Once you have the actual File, you need to check whether the file exists and whether it can be read, and send an appropriate error response (404 Not Found or 403 Forbidden). If the requested file is a directory, you have a decision to make. Sometimes a web server considers a request for a directory to be Forbidden, but sometimes it responds to such a request by sending a list of files in the directory. If you want to do the latter, you need to create an HTML document on the fly, with the file names formated as hyperlinks to the files. Another option, which is used by many servers, is to consider index.html to be the default file in a directory. That is, if the request is a request for a directory and if the directory contains a file named index.html, then send index.html as the response.
Finally, when you are ready to send a file, you need to create a legal response. The first line of a response to a successful request should be
HTTP/1.1 200 OK
followed, don't forget, by CRLF. You should send at least a "Connection: close" header and a "Content-Type: <type>" header. It is desirable to send a "Content-Length: <bytes>" header, but the server will work without it as long as you are closing the connection after sending the file. Don't forget two CRLFs after the last header line, followed by the contents of the file.

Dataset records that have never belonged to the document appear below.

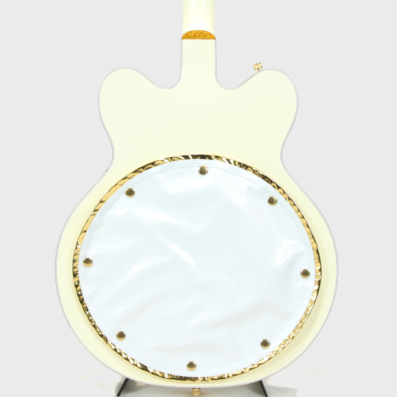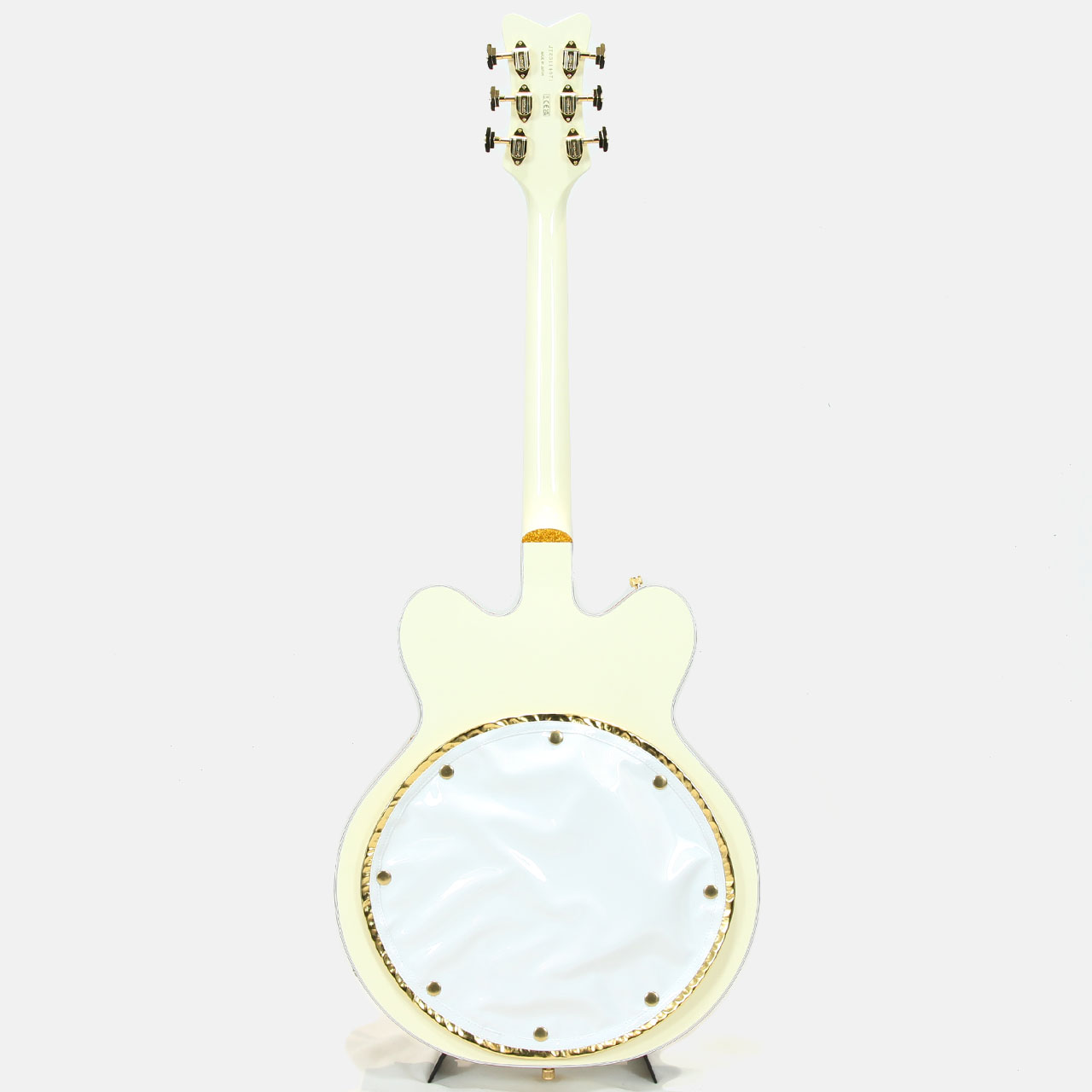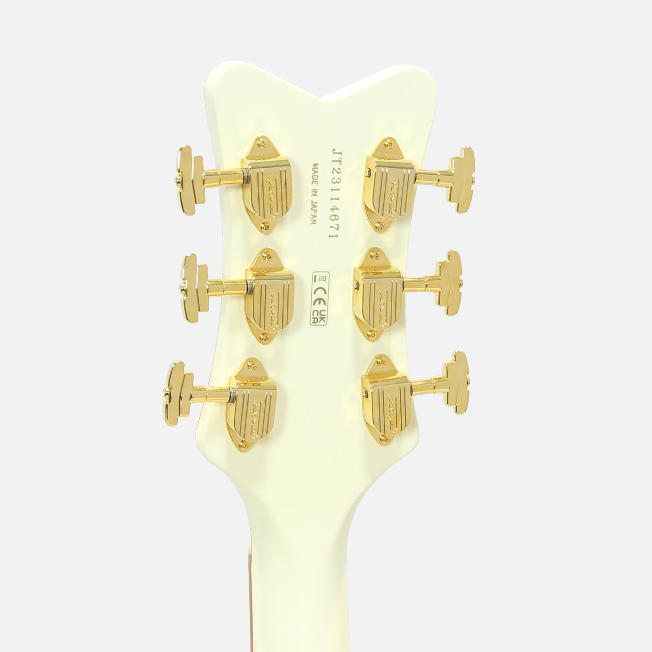 ハードウェアはすべてゴールドで統一され、ジュエルGアローノブ、Bigsby B6Gを搭載し、ピン止めエボニーベースにSpace Controlブリッジ、ヴィンテージスタイルの厚みのあるプレキシピックガードを組み合わせています。
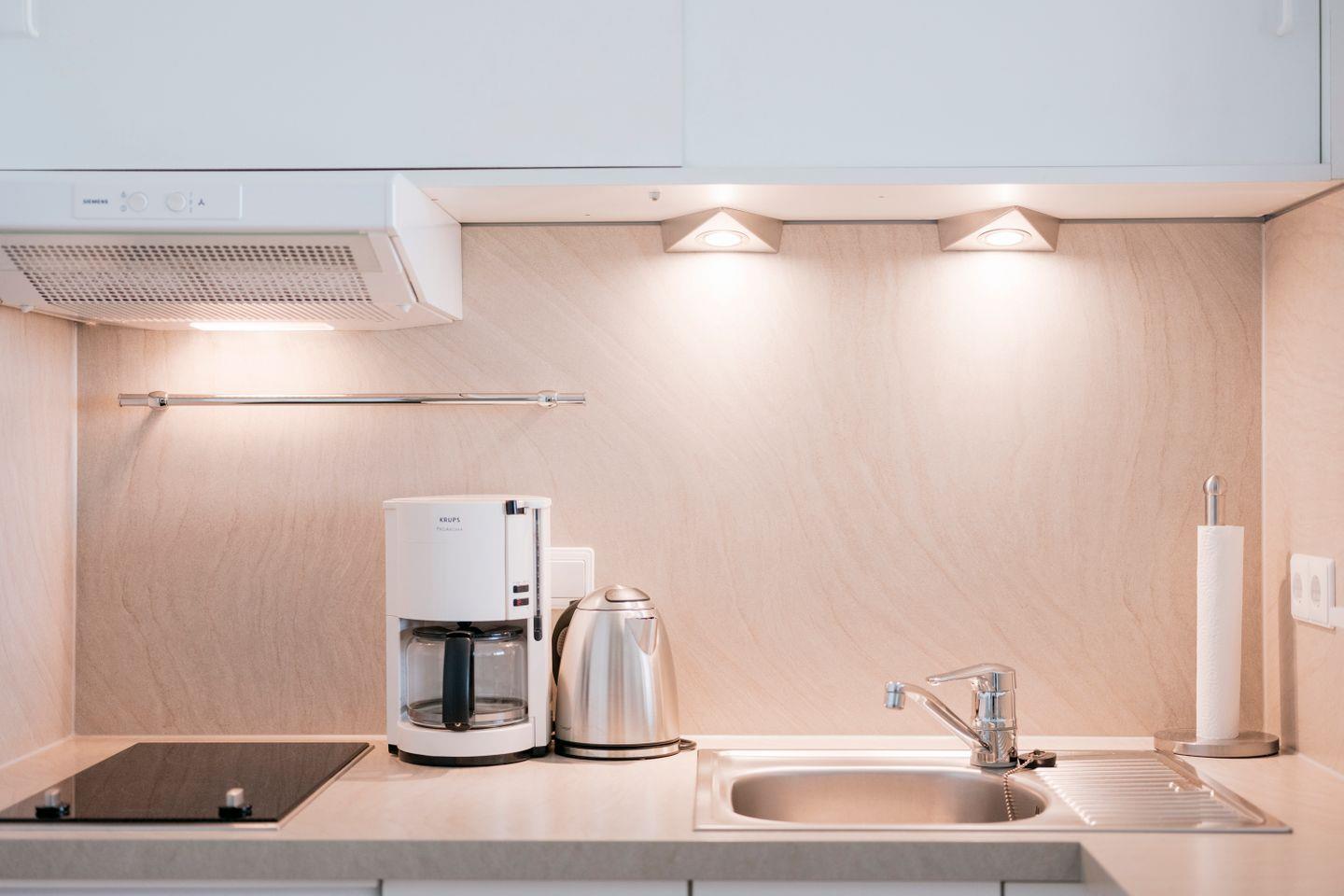 Der Wohn- und Schlafbereich ist offen gestaltet und mit einem bequemen Doppelbett, einem Essplatz sowie einer gut ausgestatteten Kochnische eingerichtet – ideal für kleine Mahlzeiten zwischendurch oder ein gemütliches Frühstück. Das moderne Badezimmer verfügt über Dusche, Waschtisch und WC.
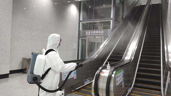 1.廂式電梯內部每天至少1次空氣消毒。自動扶梯扶手消毒每4小時1次,地鐵、商場、超市、醫院等人員密集場所的電梯扶手、按鈕應增加消毒頻次。
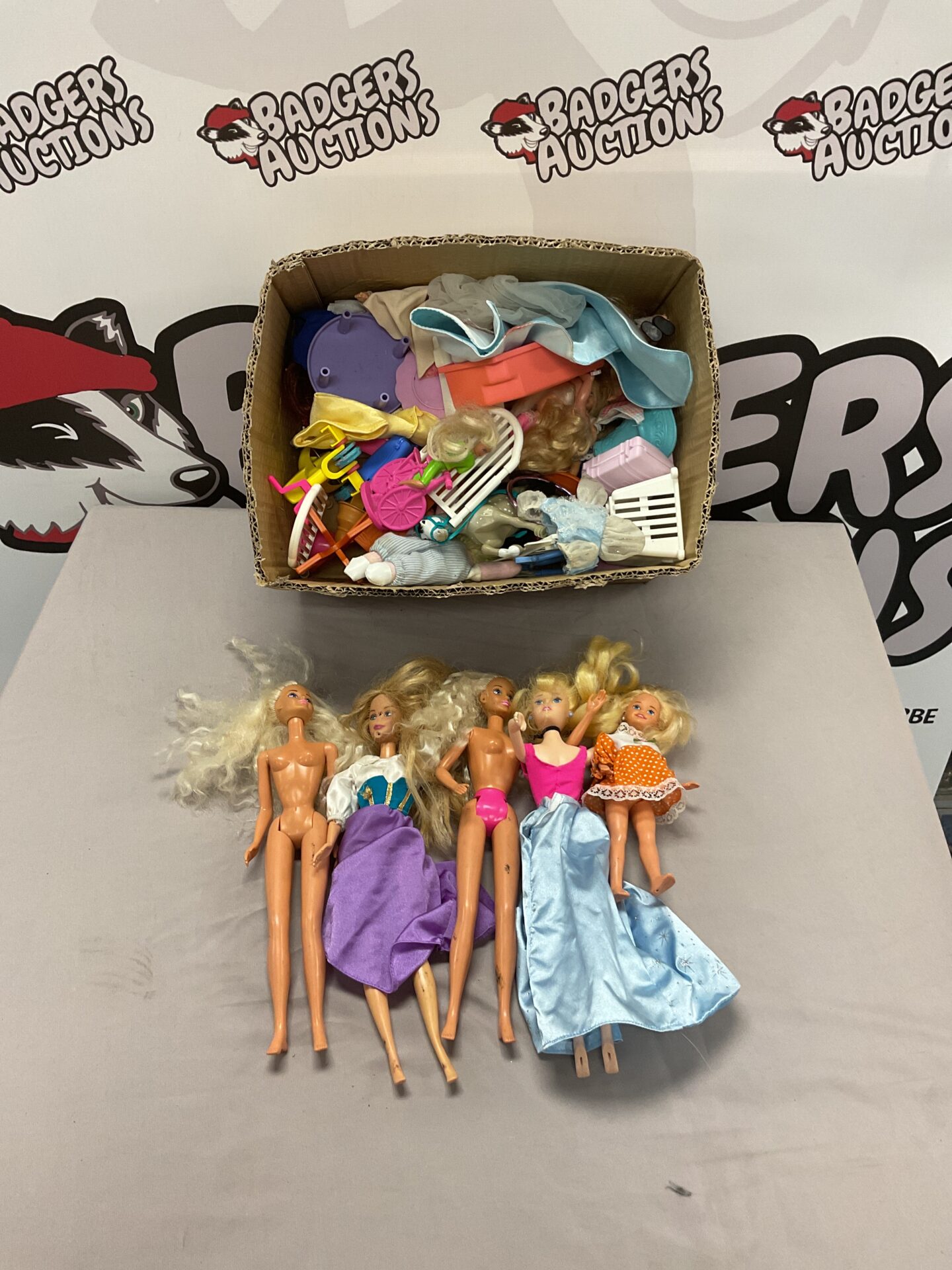The dolls and accessories appear to be in generally good condition, with some expected wear consistent with age and play. This lot is ideal for Barbie collectors, doll enthusiasts, or those looking for a nostalgic piece of their childhood. The variety of items makes it a great starting point for a collection or a fun addition to an existing one.
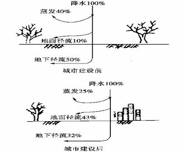 下图是“某城市建设前后水量平衡示意图”,读图回答18~19题。
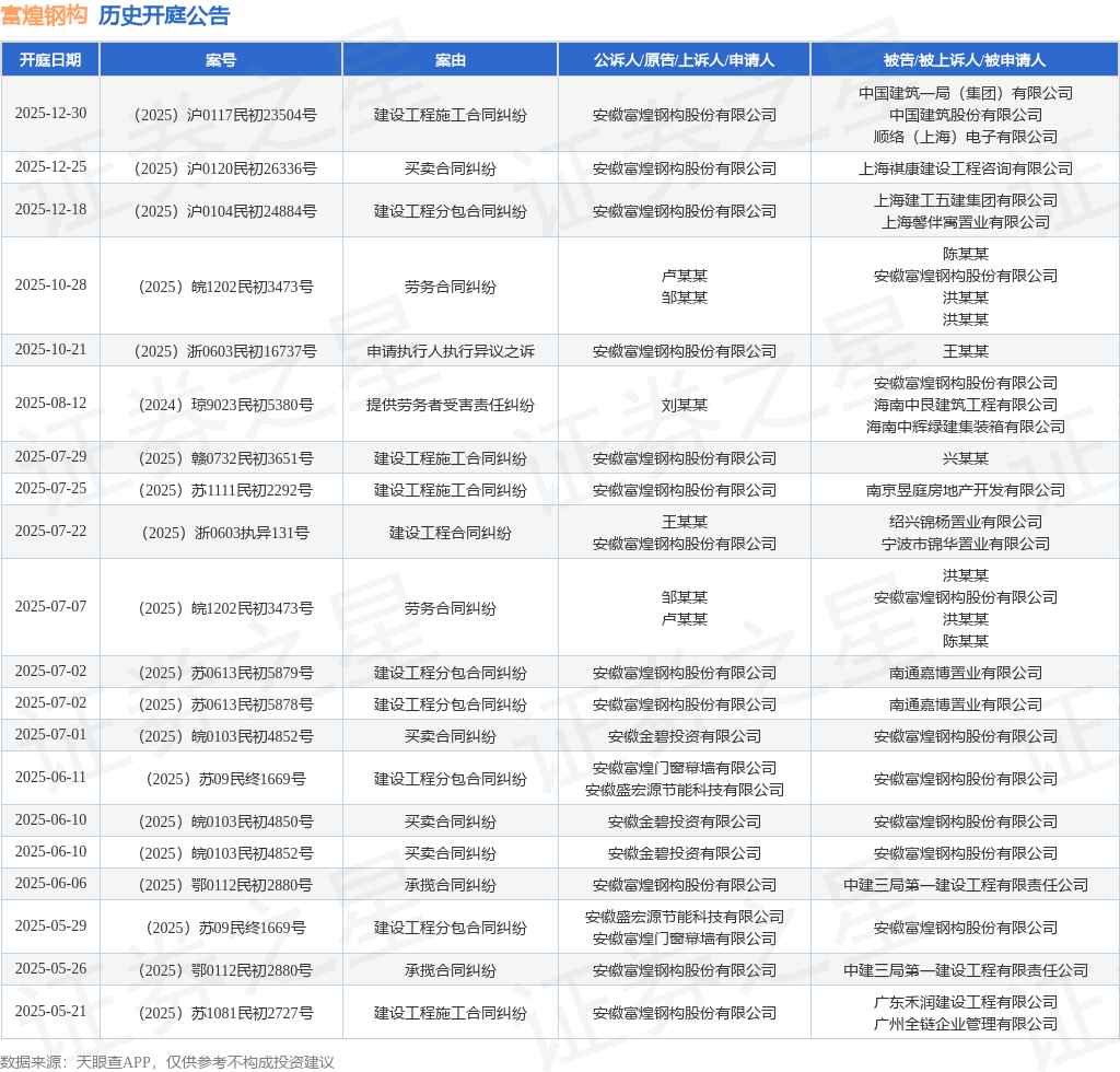案号:(2025)沪0120民初26336号根据统计,近一年内以安徽富煌钢构股份有限公司为当事人的历史开庭公告有48则,其中案由为“承揽合同纠纷”的公告以13则居首,其次为“建设工程施工合同纠纷”有10则,“建设工程分包合同纠纷”有7则。历史开庭公告(前20条)如下:
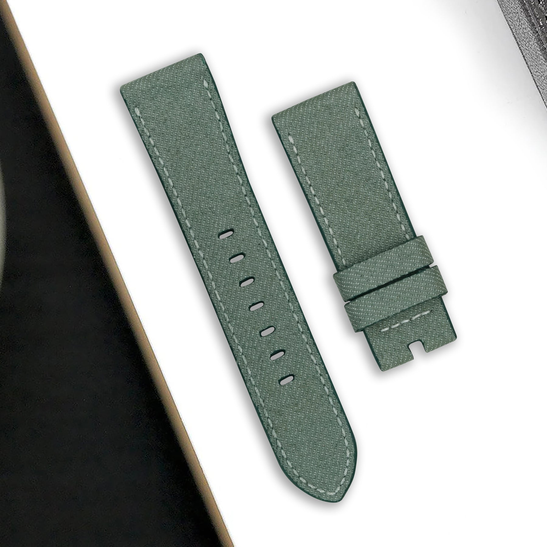 Description : Looking for something more eye-catching? Japanese Denim Sage brings contrast and clarity to your wrist. The muted-green denim tone combined with visible white stitch seams gives the strap a fresh, expressive look that stands out without being loud.
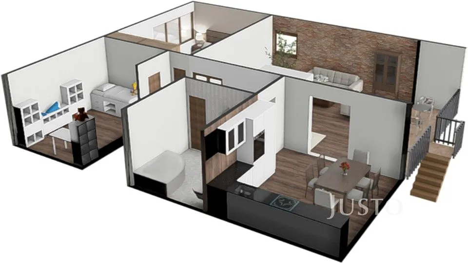 Podkroví skýtá vícero možností. Otevřená galerie (46,5 m²) nad obývacím pokojem může jako doposud sloužit k relaxaci nebo ji lze elegantně upravit na plnohodnotný obytný prostor. Na tento prostor navazuje pracovna (29,4 m²) a pokoj pro hosty (13,2 m²).
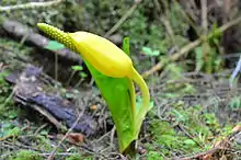 Malcolm Knapp Research Forest is categorized in the Coast Western Hemlock Biogeoclimatic zone, with the lower portion of the forest in the dry maritime subzone and the upper portion in the very wet maritime subzone. It has a vast collection of trees, plants and animals including Douglas fir, western red cedar, western hemlock and amabilis fir trees. The forest still has some patches of intact old growth forest that is over 400 years old, but since ongoing research is being done, some of the forest is as young as 40 years old, though most of the forest is covered in trees that are about 70 years old.[5] Some other trees and plants you can find are bigleaf maple, vine maple, skunk cabbage (yellow flower pictured beside), Oregon grape, salmonberry, and many ferns like sword fern and spiny wood fern.

About Content-Length, Content-Type, and Error Responses
The File class has a length() method that returns the number of bytes in the file, as a value of type long, so getting the Content-Length for a file is easy.
For the Content-Type, you can determine the type by looking at the file extension in the file name. One simple way to handle this is to write a method that looks at the file extension and returns the appropriate type. To handle the most common situations, you will need at least the following
Extension Content-Type --------- ------------ .html, .htm text/html .css text/css .js application/javascript .txt text/plain .gif image/gif .jpeg, .jpg image/jpeg .png image/png
You might want to add more. (For example, if you are using javanotes7 for your web site, you can send a content type of text/plain for .java files.) You can use application/octet-stream as the default in cases where you can't determine the content type. Remember that extensions are not case-sensitive.
If you want to do something fancy, you could read and parse the contents of the file /etc/mime.types to make a hash table mapping extensions to mime types.
When sending an error message as a response, you should include some data in the response. Remember that the user of the browser will only see the stuff that comes after the header section of the response. You can create an error message in either plain text or HTML format, and include a Content-Type header to match.